This happens regardless of it I am installing fresh or upgrading to version 9.1.0.1an existing install. Every action that involves the splunk binary prepends all output with:
Warning: Attempting to revert the SPLUNK_HOME ownership
Warning: Executing "chown -R splunkfwd /opt/splunkforwarder"
I've tried manually running that, as Root! And it still persists even though now the contents under /opt/splunkforwarder are owned by splunkfwd recursively!
Thank you Sanjay, so yet another known issue huh? Upgrading/installing version 9 has a few it seems.
So, being as though I'm sure this is low priority is there any ETA on it at all? I have automation that handles the installing of the UF. Now when checking the returns/results of a service restart I need to make sure to include bits to ensure the 'Warning' generated doesn't cause me problems.
Hi @Skeer-Jamf
this is known issue, as long as splunkforwarder owned by correct user and working as expected, it wont cause any issue, refercene to known issues of UF
https://docs.splunk.com/Documentation/Splunk/9.1.0/ReleaseNotes/Knownissues
----
Regards,
Sanjay Reddy
----
If this reply helps you, Karma would be appreciated.

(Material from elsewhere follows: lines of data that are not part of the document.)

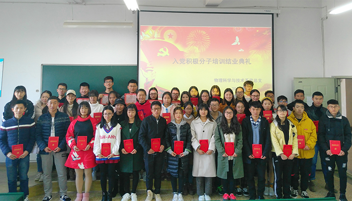 1月4日,物理科学与技术系党总支举办2018年入党积极分子培训班结业仪式,为参加培训的入党积极分子颁发结业证书。
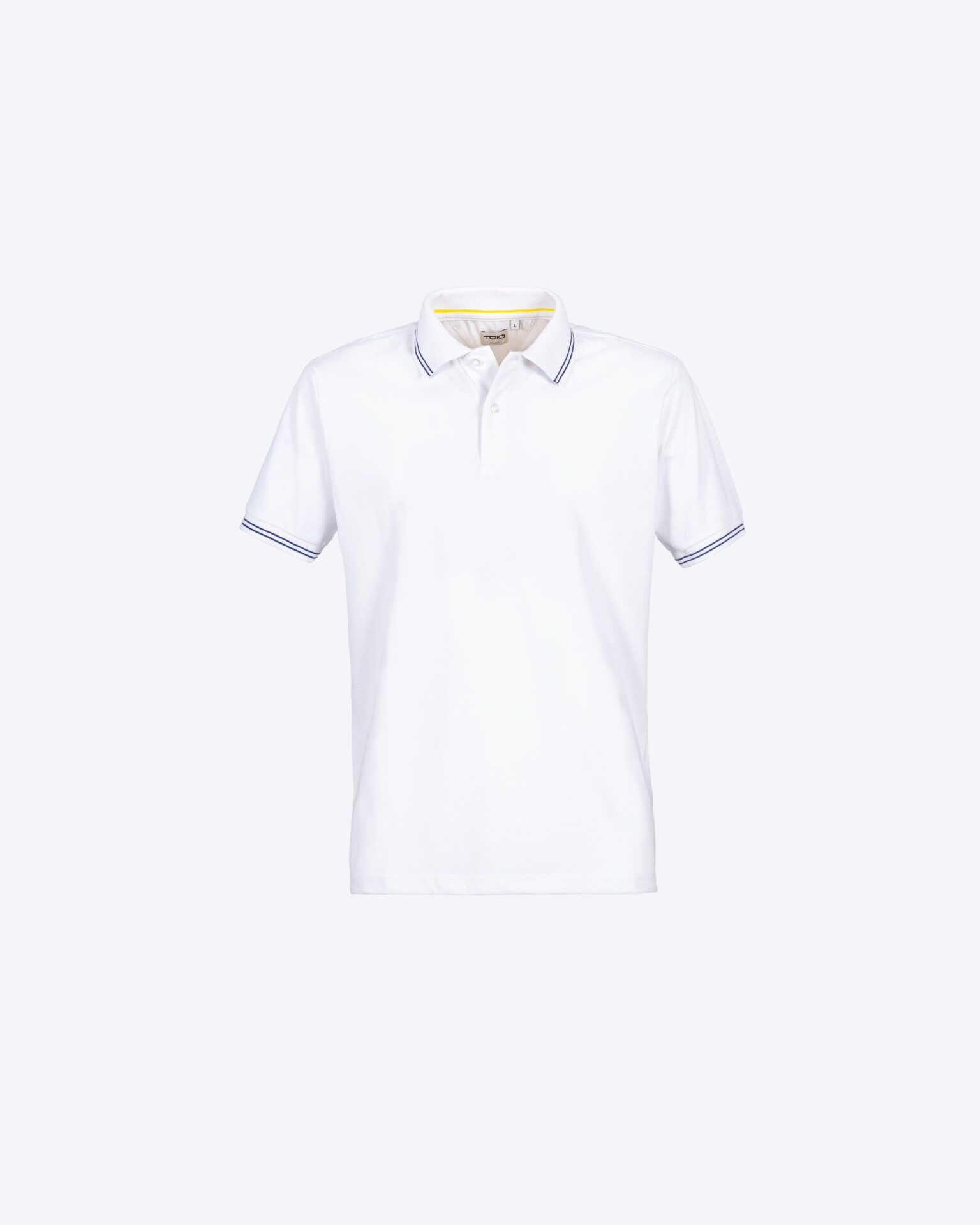 Polo majica kratkih rukava sa ranflom na kragni i na rubu rukava. Otvaranje sa dva dugmeta. Kragna, unutrašnji dio otvora i rub rukava sa kontrastnim prugama. Udoban piqué materijal.
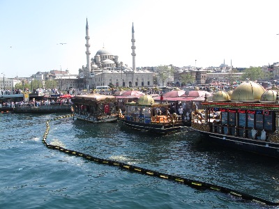 Über 400 km lang ist der Weg über die supergut ausgebaute Autobahn nach Istanbul. Sie überwindet einen waldreichen Gebirgszug bei Bolu. Sherif fährt hier im Winter Ski. Schon ca 100 km vor der Stadt geht die Fahrt am Nordufer des Marmarameers entlang durch riesige Hochhausgürtel und Industrieanlagen. Der Verkehr wird, obwohl Sonntag ist, immer dichter und vor der Brücke über den Bosporus zum Stau. Die Lage der Stadt an dieser Wasserstraße gehört zu den schönsten und ungewöhnlichsten der Welt. Wir fahren die europäische Uferstrasse entlang bis zur Galatabrücke. Dort besteigen wir ein Boot, dass den Bosporus bis hinter die zweite Autobahnbrücke befährt. Wir sehen vom Wasser aus die Fülle der Paläste und herrschaftlichen Häuser, die sich der osmanische Adel und türkische Neureiche errichtet haben. Nicht mehr weit ist es bis zum Schwarzen Meer. Die Stadt hat sich mit ihren mittlerweise 15 Mio. Einwohnern auch bis dahin ausgedehnt. 3 Mio. hatte die Stadt bei meinem ersten Besuch 1975.
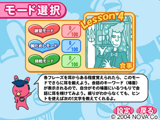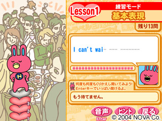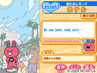 海外旅行の準備に適した、NOVAうさぎの英会話学習ソフト。英語の読み上げに集中する練習モード、腕だめしモード、挑戦モードの3つのモードを用意し、聞いて、入力して、確認するの3ステップで繰り返し練習することが可能。また、基本表現、機内空港、ホテル、食事、ショッピング、観光、交通、交通電話、トラブルの9つのシチュエーションなど全700フレーズ以上を収録。
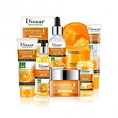 Discover the transformative power of visage à la vitamine C de Disaar. This comprehensive skincare set includes a facial wash, toner, serum, cream, and cleanser, all enriched with Vitamin C and Hyaluronic Acid. Designed to brighten your complexion while providing deep hydration and anti-acne benefits, it's perfect for daily use to achieve radiant skin.
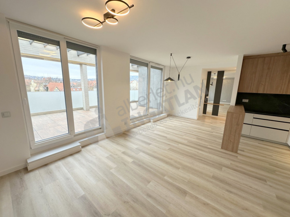 Gellérthegy utcában kiadó panorámás, újépítésű penthouse, 27m2-es terasszal.
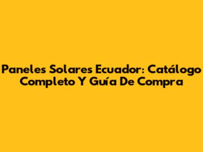 Paneles Solares Ecuador: Catálogo Completo Y Guía De Compra

If your problem is resolved, then please click the "Accept as Solution" button to help future readers.
I want to point out that these two warnings are breaking my jobs because on some machines I am using the splunkforwarder CLI to run query on the splunk cluster and export the result to files.

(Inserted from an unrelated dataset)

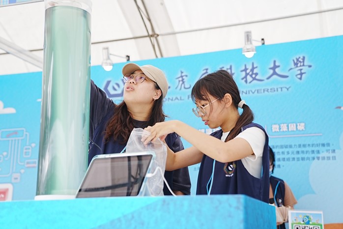 另也展現虎科大與在地政府攜手實施能效提升計畫,結合物聯網技術與社區參與,透過智慧能源管理系統與能源教育。現場也展出二氧化碳捕手「微藻固碳示範缸」,為虎科大建構智慧化氣候友善校園先導型計畫,並於校園建置微藻固碳示範基地,示範缸可讓民眾認識微藻的固碳能力與藻體多元應用價值,邀請民眾為永續未來同努力。
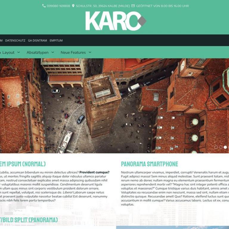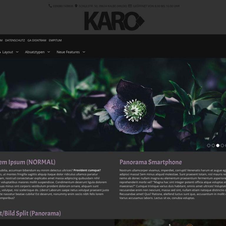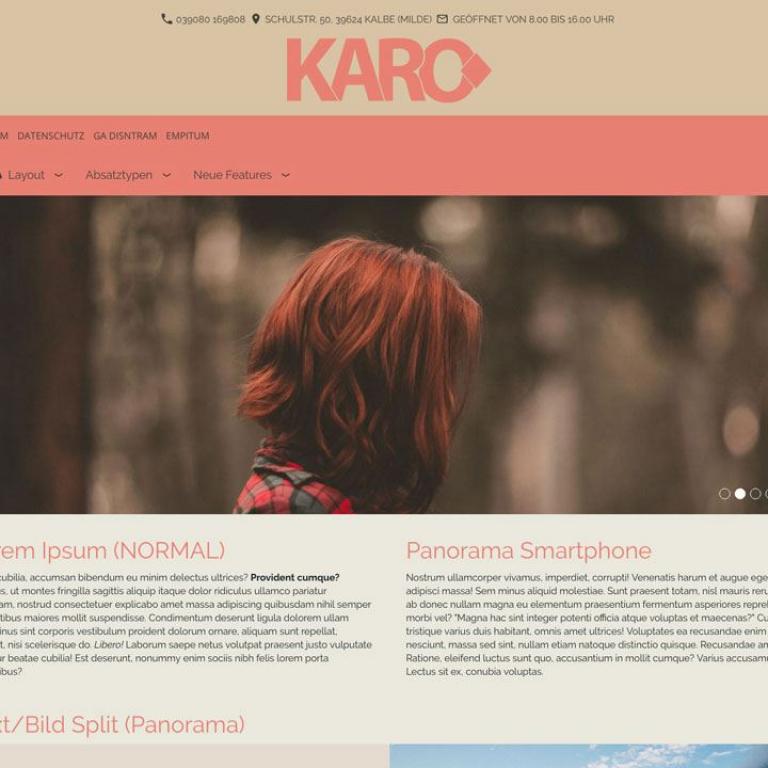 Das neueste Layout von KARO ist ein responsives Flex-Layout für Siquando Pro Web 3 mit zusätzlichen Einstellungsmöglichkeiten innerhalb der Klienten-Vorschau. Sie können nun die vertikale Reihenfolge der Bereiche verändern, Overlay- oder Parallaxbilder bestimmen, „nach Oben“ - Scroll - Buttons konfigurieren und natürlich auch wieder Google Font Schriftarten angeben.

https://docs.splunk.com/Documentation/Splunk/9.1.1/Search/ExportdatausingCLI
These two extra warning lines were now written to the export files as well.
I think it is ok for the CLI to print warnings, but the splunk CLI should follow the best practice and write these warnings to the stderr. But it's writing them to the stdout, so that we can't use the standard practice of " 2> err.txt 1> export.csv" to handle warnings.
Now I have to add these to ALL the script files which are running the splunkforwarder CLI, which is pretty ugly:
" | grep -vi "warning:" > export.csv"
Wish there is a flag to disable warnings, or the splunkforwarder CLI should at least write them to stderr instead of stdout.
It is a breaking issue as I cannot run btool on my forwarders that are throwing this message.